Singlaub headed CIA operations in postwar Manchuria during the Chinese Communist revolution, led troops in the Korean War, managed the secret war along the Ho Chi Minh trail in the Kingdom of Laos and Vietnam, worked with the Contras in Nicaragua, and Afghan resistance during the Soviet invasion of Afghanistan. He graduated from the Army Command and General Staff College in 1954 and the Air War College in 1960. Because of the increasing use of helicopters in Special Forces operations, he decided to attend flight school at Fort Rucker as a fifty-year-old brigadier general in 1971.

In 1977, while Singlaub was chief of staff of U.S. forces in South Korea, he publicly criticized President Jimmy Carter's proposal to withdraw U.S. troops from the Korean peninsula. On March 21, 1977, Carter relieved him of duty for overstepping his bounds and failing to respect the President's authority as Commander-in-Chief.  Less than a year later, Singlaub again publicly questioned President Carter's national security policies, this time during a lecture at Georgia Tech, and was forced to retire on June 1, 1978. The U.S. Army Special Operations Command presented its first John Singlaub Award in 2016 for "courageous actions ... off the battlefield."
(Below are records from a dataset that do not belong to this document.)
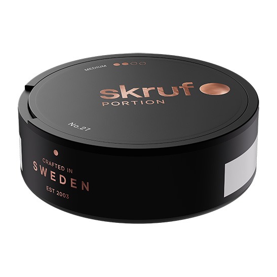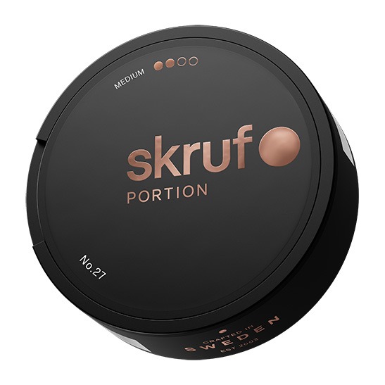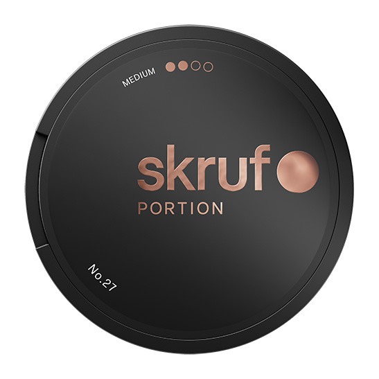 Snuset Skruf no 27 Original Portion har styrkan 2 Normal. Prillorna innehåller 12 mg nikotin per påse, eller omräknat till procent blir det 1,3% nikotinhalt. Varje snusdosa innehåller 24 stycken prillor och varje prilla väger 0,9 gram vilket ger en total snusvikt i en dosa på 21,6 gram snus.
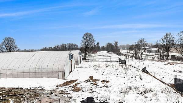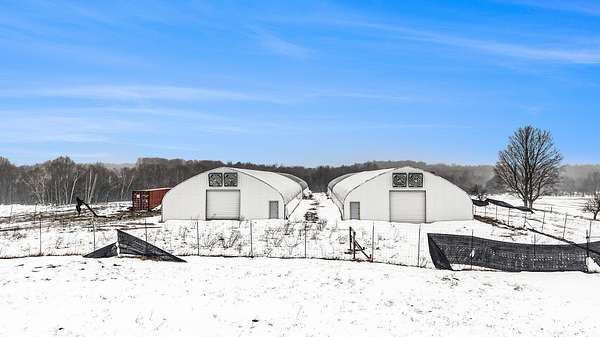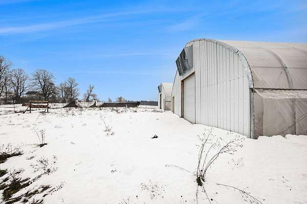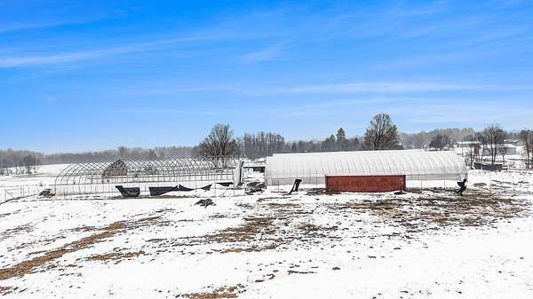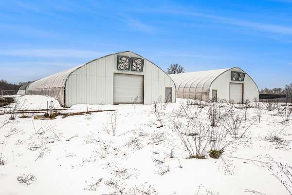 Unique 10-acre opportunity in rural Lake County just outside Luther, ideally located near the popular Tin Cup State Game Area / Tin Cup Loop with a massive amount of recreational traffic from side-by-sides, ORVs, snowmobiles, hunters, and anglers. This property is fully fenced with a 6-foot privacy-screened perimeter and gated access, offering security, function, and flexibility for a variety of future uses. The site features four fully engineered greenhouses, each approx. 42' x 120' and 20' tall, designed for a 50 lb snow load and year-round use. Every structure includes 12' roll-up doors and steel entry doors, and each is equipped with a Modine 400,000 BTU propane heater, ventilation with exhaust fans and roll-up sides, and materials that meet fire retardant requirements per prior commercial standards. A 6'' well is installed, the property has an approved perk test and septic location, and a 40' shipping container on site provides additional storage. Consumers Energy previously approved 600-amp single-phase power to the location (buyer to verify status and installation options), though electric has not yet been run to the property. This setup lends itself to a wide range of potential uses such as sod or turf production, nursery/greenhouse operation, seasonal produce or flower business, equipment or inventory storage, hobby farming, or a future homesite with extensive outbuilding space (all subject to township approval and zoning). Some storm damage is present on two of the structures but the core value lies in the infrastructure and well already in place, the secure fencing, utilities groundwork, and the high-traffic recreational corridor location. If you've been looking for improved land with serious potential in Lake County, this property deserves a closer look.
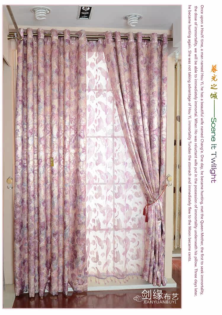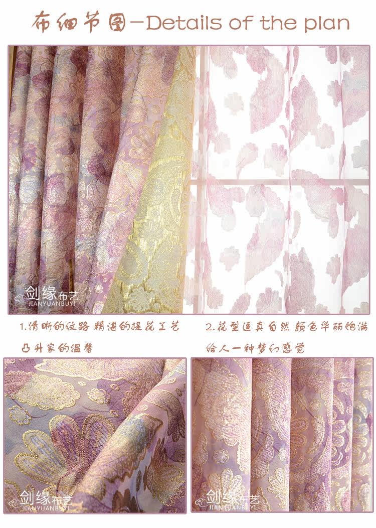 品名 | 暮光之城 | 品牌 | 剑缘布艺 | 面料 | 型号 | 门幅 | 单价/米 | 材质 | 工艺 | 遮光度 | 厚度 | 成品包装重量 | 布帘 | 暮光之城 | 2.8 | 98元/米 | 金皮色织布 | 提花 | 70%左右 | 厚 | 0.8Kg/米 | 纱帘 | 暮光之城 | 2.8 | 70元/米 | 金丝窗纱 | 剪花 | 20%左右 | 薄 | 0.3Kg/米 |
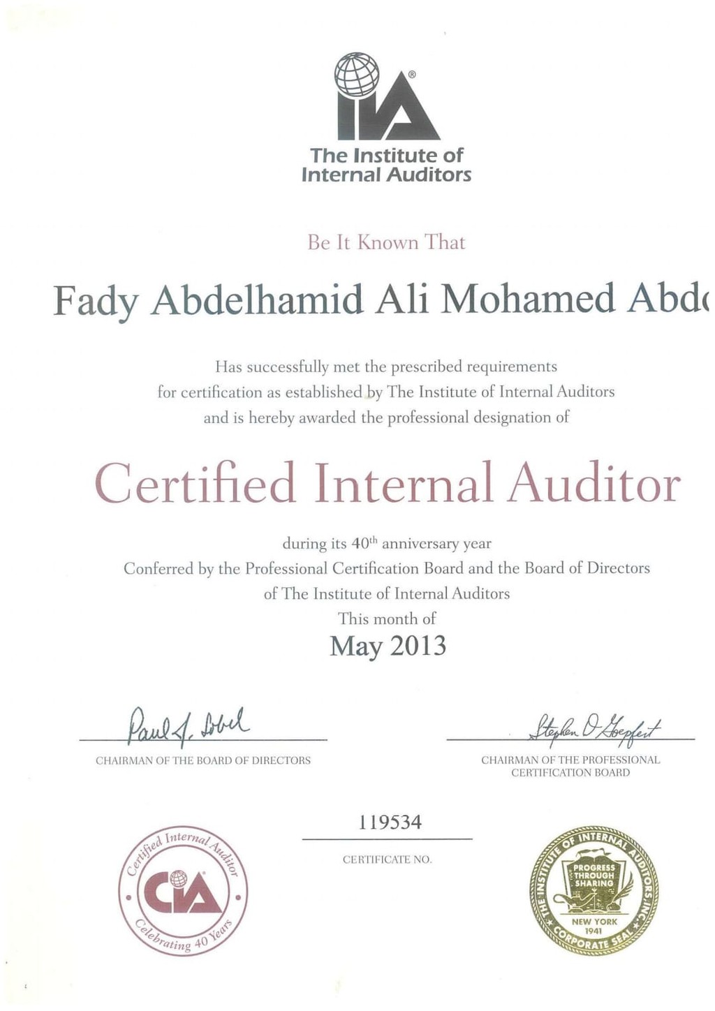 شهادة مهنية معترف بها عالميًا في مجال المراجعة الداخلية، أكسبتني خبرة متقدمة في تصميم أنظمة الرقابة المالية وتحليل المخاطر وضمان الالتزام.

After retiring from the army, Singlaub, with John Rees and Democratic Congressman from Georgia, Larry McDonald founded the Western Goals Foundation. According to The Associated Press, it was intended to "blunt subversion, terrorism, and communism" by filling the gap "created by the disbanding of the House Un-American Activities Committee". Prior to the collapse of the Berlin Wall and Marxism–Leninism in the Soviet Union in 1991, Singlaub was founder in 1981 of the United States Council for World Freedom, the U.S. chapter of the World Anti-Communist League (WACL). The chapter became involved with the Iran–Contra affair, with Associated Press reporting that, "Singlaub's private group became the public cover for the White House operation". The WACL was described by former member Geoffrey Stewart-Smith as allegedly a "largely a collection of Nazis, Fascists, anti-Semites, sellers of forgeries, vicious racialists, and corrupt self-seekers." Singlaub is credited with purging the organization of these types and making it respectable.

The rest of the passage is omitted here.